▶ Task item: Your copy should match the records below exactly, except for the pictures.

Stored items from a collection:

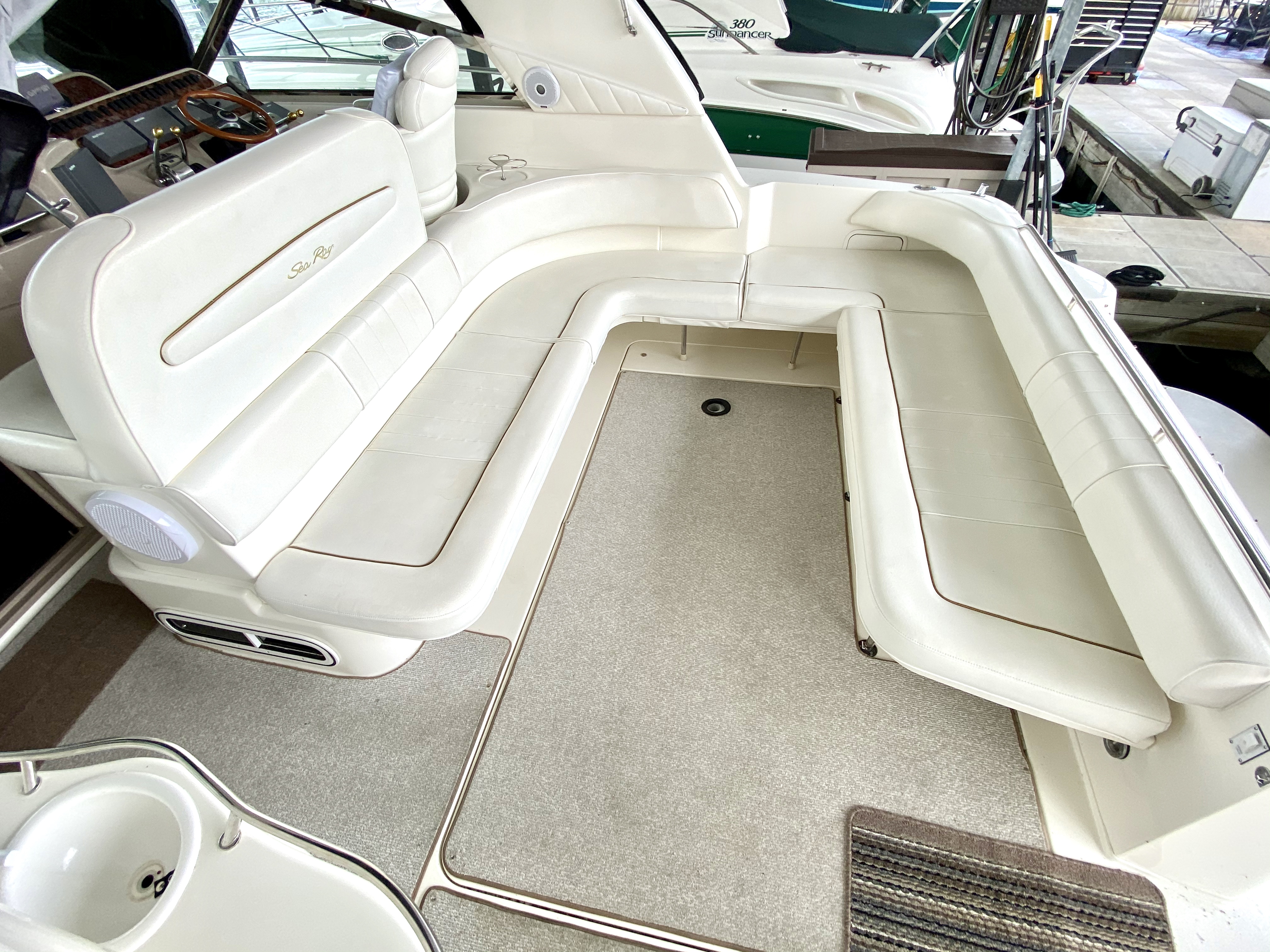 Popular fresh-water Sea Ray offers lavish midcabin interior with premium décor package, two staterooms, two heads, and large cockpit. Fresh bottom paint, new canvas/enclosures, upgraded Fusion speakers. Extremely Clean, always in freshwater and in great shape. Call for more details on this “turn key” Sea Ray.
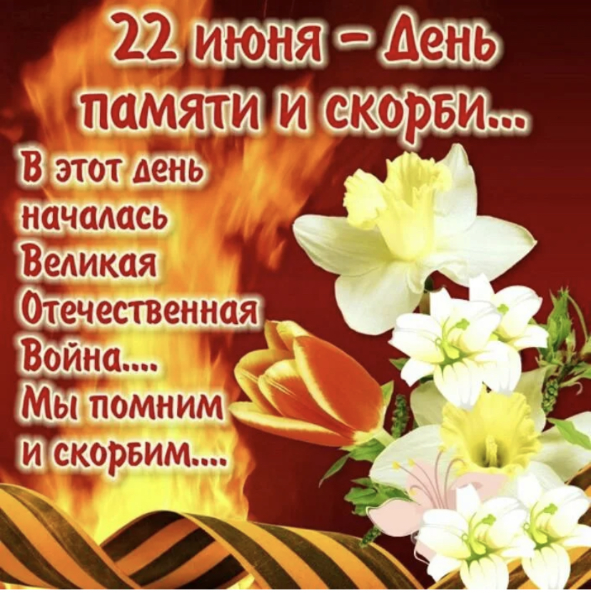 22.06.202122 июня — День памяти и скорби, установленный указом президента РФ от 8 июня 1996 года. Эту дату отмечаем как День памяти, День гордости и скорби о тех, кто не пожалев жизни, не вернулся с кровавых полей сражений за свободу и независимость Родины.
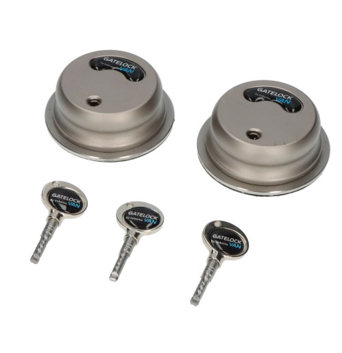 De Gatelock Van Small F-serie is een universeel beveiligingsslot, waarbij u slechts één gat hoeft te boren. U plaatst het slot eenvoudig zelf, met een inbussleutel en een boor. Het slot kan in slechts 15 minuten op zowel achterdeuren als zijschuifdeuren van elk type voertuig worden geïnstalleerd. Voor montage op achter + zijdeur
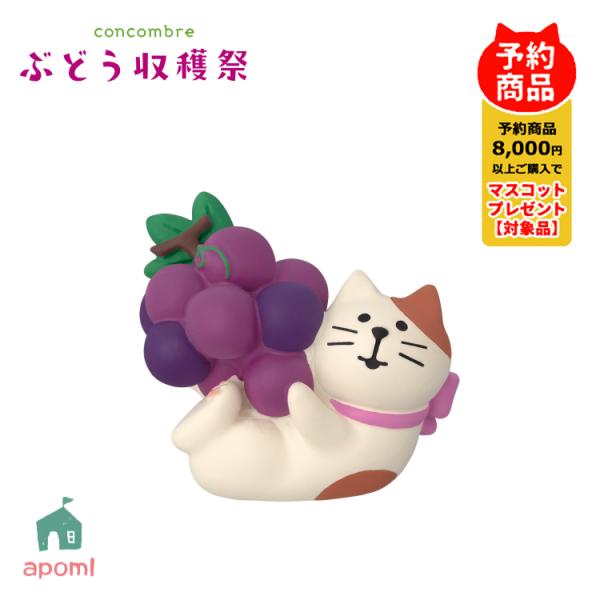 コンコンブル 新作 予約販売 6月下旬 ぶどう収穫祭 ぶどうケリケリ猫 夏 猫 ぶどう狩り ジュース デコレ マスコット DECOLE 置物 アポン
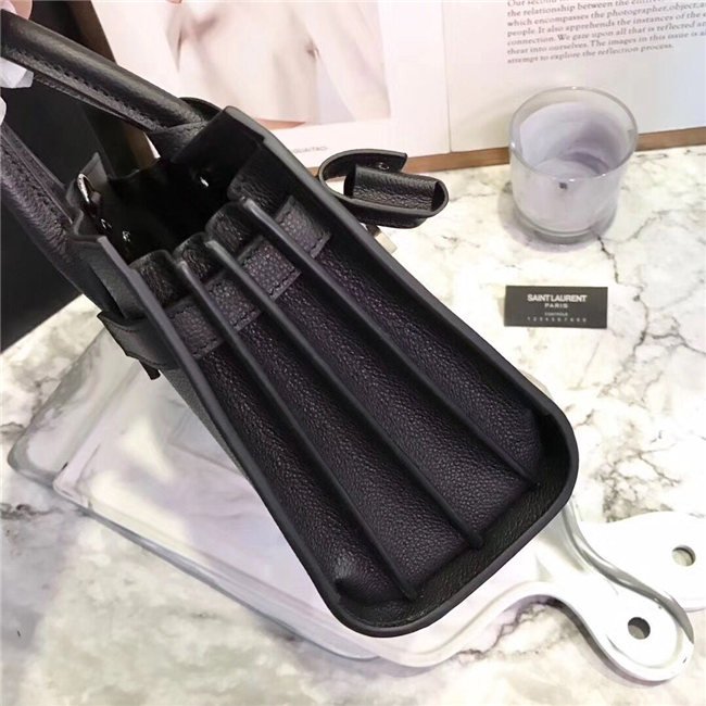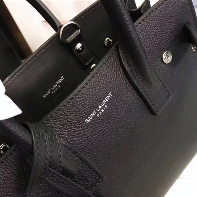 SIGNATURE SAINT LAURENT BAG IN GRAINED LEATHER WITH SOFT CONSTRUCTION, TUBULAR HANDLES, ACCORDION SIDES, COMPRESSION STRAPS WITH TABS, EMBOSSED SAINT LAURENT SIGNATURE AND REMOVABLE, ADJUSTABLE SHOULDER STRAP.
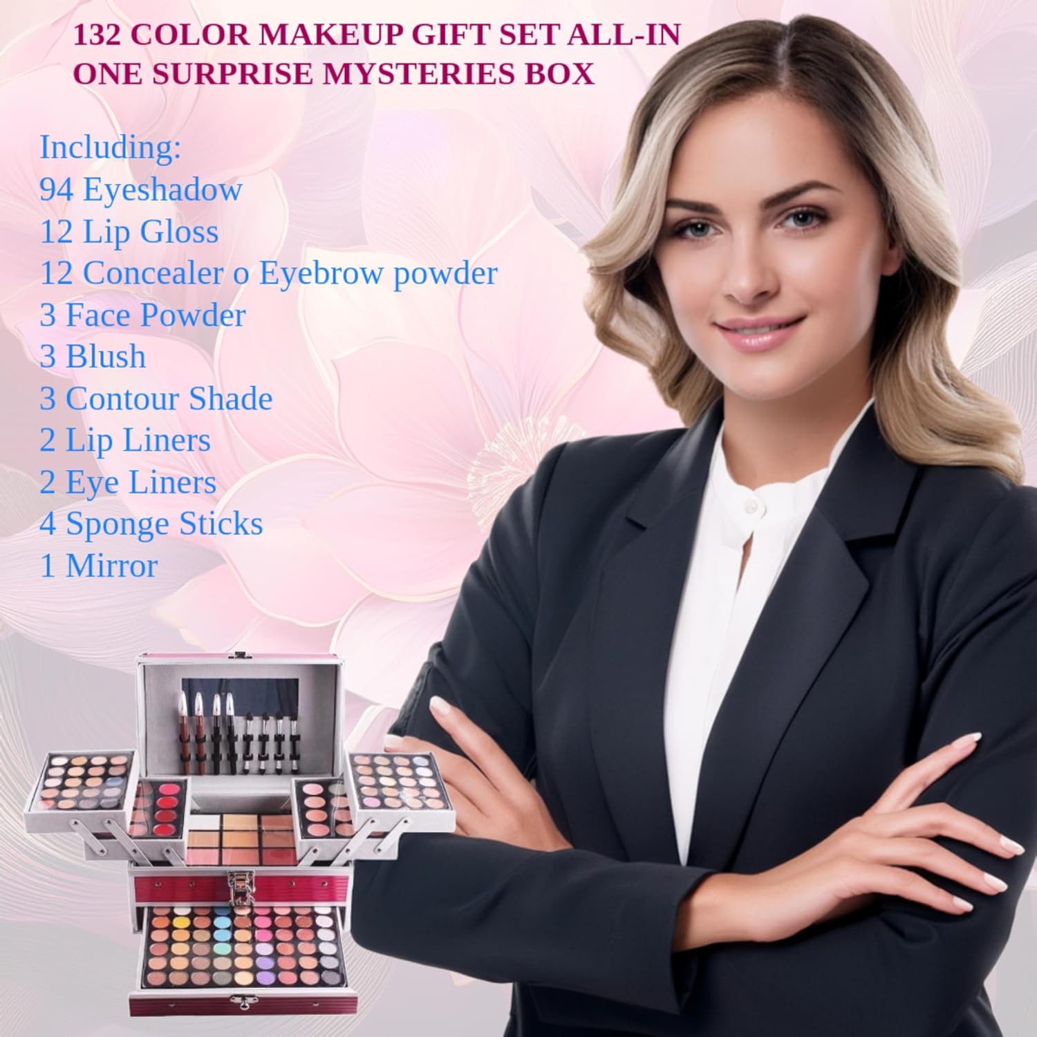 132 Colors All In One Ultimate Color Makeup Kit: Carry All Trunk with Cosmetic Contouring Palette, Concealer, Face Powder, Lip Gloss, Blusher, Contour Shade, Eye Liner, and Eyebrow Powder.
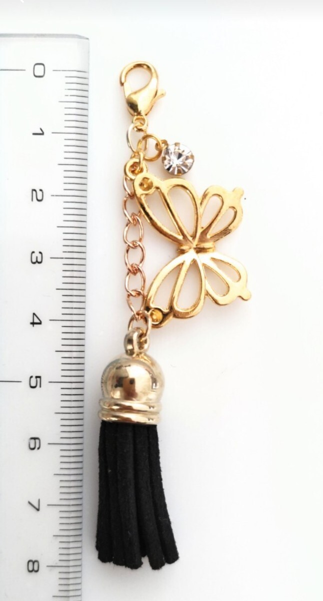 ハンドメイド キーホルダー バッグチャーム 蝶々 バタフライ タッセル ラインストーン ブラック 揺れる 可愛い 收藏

▶ Your solution:
 Popular fresh-water Sea Ray offers lavish midcabin interior with premium décor package, two staterooms, two heads, and large cockpit. Fresh bottom paint, new canvas/enclosures, upgraded Fusion speakers. Extremely Clean, always in freshwater and in great shape. Call for more details on this “turn key” Sea Ray.
 22.06.202122 июня — День памяти и скорби, установленный указом президента РФ от 8 июня 1996 года. Эту дату отмечаем как День памяти, День гордости и скорби о тех, кто не пожалев жизни, не вернулся с кровавых полей сражений за свободу и независимость Родины.
 De Gatelock Van Small F-serie is een universeel beveiligingsslot, waarbij u slechts één gat hoeft te boren. U plaatst het slot eenvoudig zelf, met een inbussleutel en een boor. Het slot kan in slechts 15 minuten op zowel achterdeuren als zijschuifdeuren van elk type voertuig worden geïnstalleerd. Voor montage op achter + zijdeur
 コンコンブル 新作 予約販売 6月下旬 ぶどう収穫祭 ぶどうケリケリ猫 夏 猫 ぶどう狩り ジュース デコレ マスコット DECOLE 置物 アポン
 SIGNATURE SAINT LAURENT BAG IN GRAINED LEATHER WITH SOFT CONSTRUCTION, TUBULAR HANDLES, ACCORDION SIDES, COMPRESSION STRAPS WITH TABS, EMBOSSED SAINT LAURENT SIGNATURE AND REMOVABLE, ADJUSTABLE SHOULDER STRAP.
 132 Colors All In One Ultimate Color Makeup Kit: Carry All Trunk with Cosmetic Contouring Palette, Concealer, Face Powder, Lip Gloss, Blusher, Contour Shade, Eye Liner, and Eyebrow Powder.
 ハンドメイド キーホルダー バッグチャーム 蝶々 バタフライ タッセル ラインストーン ブラック 揺れる 可愛い 收藏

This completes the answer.